Gerçekten müthiş
Öncesinde ne olmuştu?
Gerçekten müthiş
Ekim 2016’de ‘PKK ile ilişkileri var’ suçlamasıyla gözaltına alınan Amerikalı Rahip Brunson Aralık’ta bu kez Gülen Cemaati’ne üye olmak suçlamasıyla tutuklanmış ve ömür boyu hapisle yargılanmıştı. Başkan Trump, Amerikalı yetkililer ve Amerikan medyasının konuya yoğun ilgi göstermesine tepki olarak Cumhurbaşkanlığından yapılan açıklamada “Trump’a hatırlatmak isteriz ki, Türk mahkemeleri bağımsızdır” dendi. Bunun üzerine 19 Temmuz 2018’de Başkan Trump ‘Brunson’un serbest bırakılmaması tam bir rezalet. Erdoğan bir şey yapmalı’ dedi. Öncesinde ise Cumhurbaşkanı Erdoğan 11 Ocak 2018’de ‘Bu fakir bu görevde olduğu sürece teröristi alamazsın” demişti. Buna benzer demeçlerle Trump’ın tehditlerine Erdoğan yanıt verince Trump’ın önce twitter üzerinden sonra da Erdoğan’ı telefonla arayarak tehditlerinin tonunu yükseltmiş, Brunson 12 Ekim 2018’de serbest bırakılarak ülkesine gönderilmiş ve bir kaç gün sonra Beyaz Saray’da Trump’ı kutsamıştı.
Öncesinde ne olmuştu?
Alman Die Welt gazetesi Türkiye muhabiri Türk ve Alman vatandaşı Deniz Yücel 27 Şubat 2017’de tutuklanmış, PKK/KCK silahlı terör örgütü ile FETÖ/PDY silahlı terör örgütünün propagandasını yapmakla suçlanmış ve halkı kin ve düşmanlığa tahrik etmekle yargılanmıştı.

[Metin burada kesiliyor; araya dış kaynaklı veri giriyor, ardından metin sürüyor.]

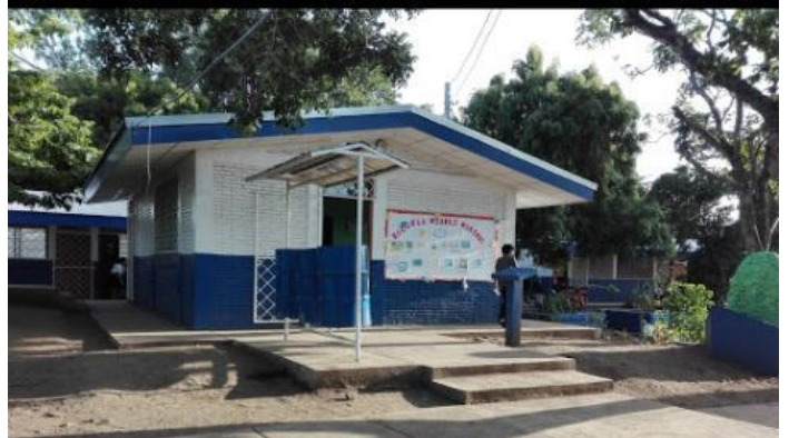
Imagen 2: Dirección del centro escolar Publico Modelo Monimbó.
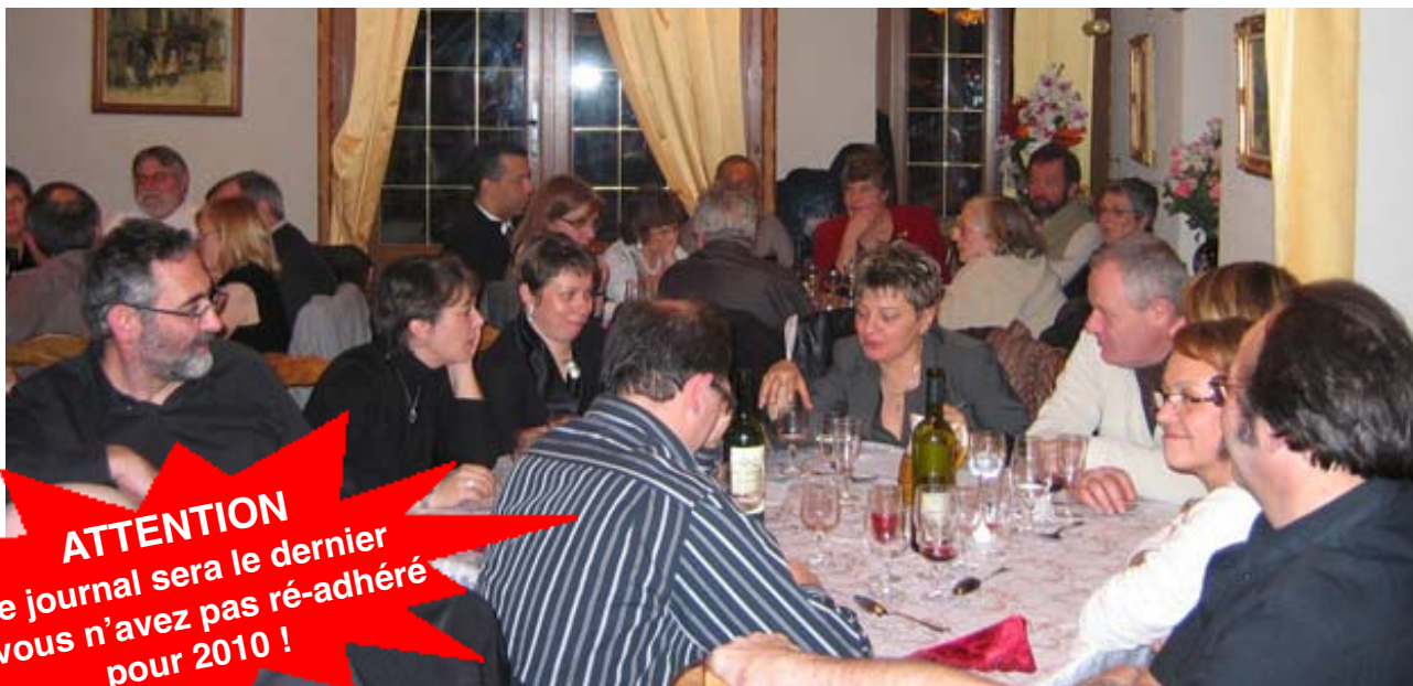
Fête du Club p. 3
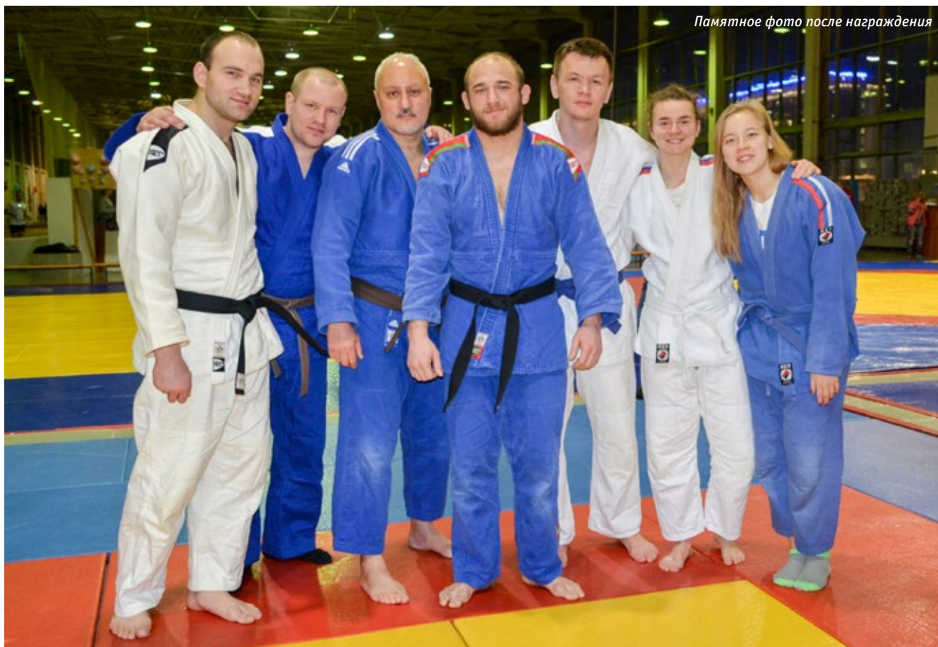
Памятное фото после награждения

15 Şubat 2018’de Başbakan Merkel ile Berlin’de bir araya gelen dönemin Başbakanı Binali Yıldırım, ortak basın toplantında Deniz Yücel ile ilgili olarak ”Ümit ederim kısa sürede duruşması yapılır ve bir sonuç elde edilir” demişti.
Yücel bir gün sonra serbest bırakılır ve aynı gün özel bir uçakla Almanya’ya gider.
Peki Erdoğan ne demişti ?
Mart 2017’de bir televizyon röportajında konuya değinen Erdoğan ‘Elimizde görüntüler var; bu adam tam bir ajan, terörist ve ben bu makamda olduğum sürece asla iade edilmeyecektir’ demişti.
Ya öncesinde ne oldu?
19 Aralık 2016’da İstanbul 7. Ağır Ceza Mahkemesi aralarında dönemin İsrail Genelkurmay Başkanı Gabiel Ashknazi’nin de yer aldığı dört sanığın yargılandığı davanın düşürülmesine ve sanıklar hakkında yakalama kararının kaldırılmasına karar verdi.
Neden?
Çünkü Ankara ile Tel Aviv arasında yapılan anlaşma gereği İsrail Mavi Marmara saldırısında öldürdüğü 10 Türk vatandaşı için 20 milyon dolar bağışta bulunmuş ve AKP iktidarı dosyanın kapatılması için gerekli talimatları vermişti.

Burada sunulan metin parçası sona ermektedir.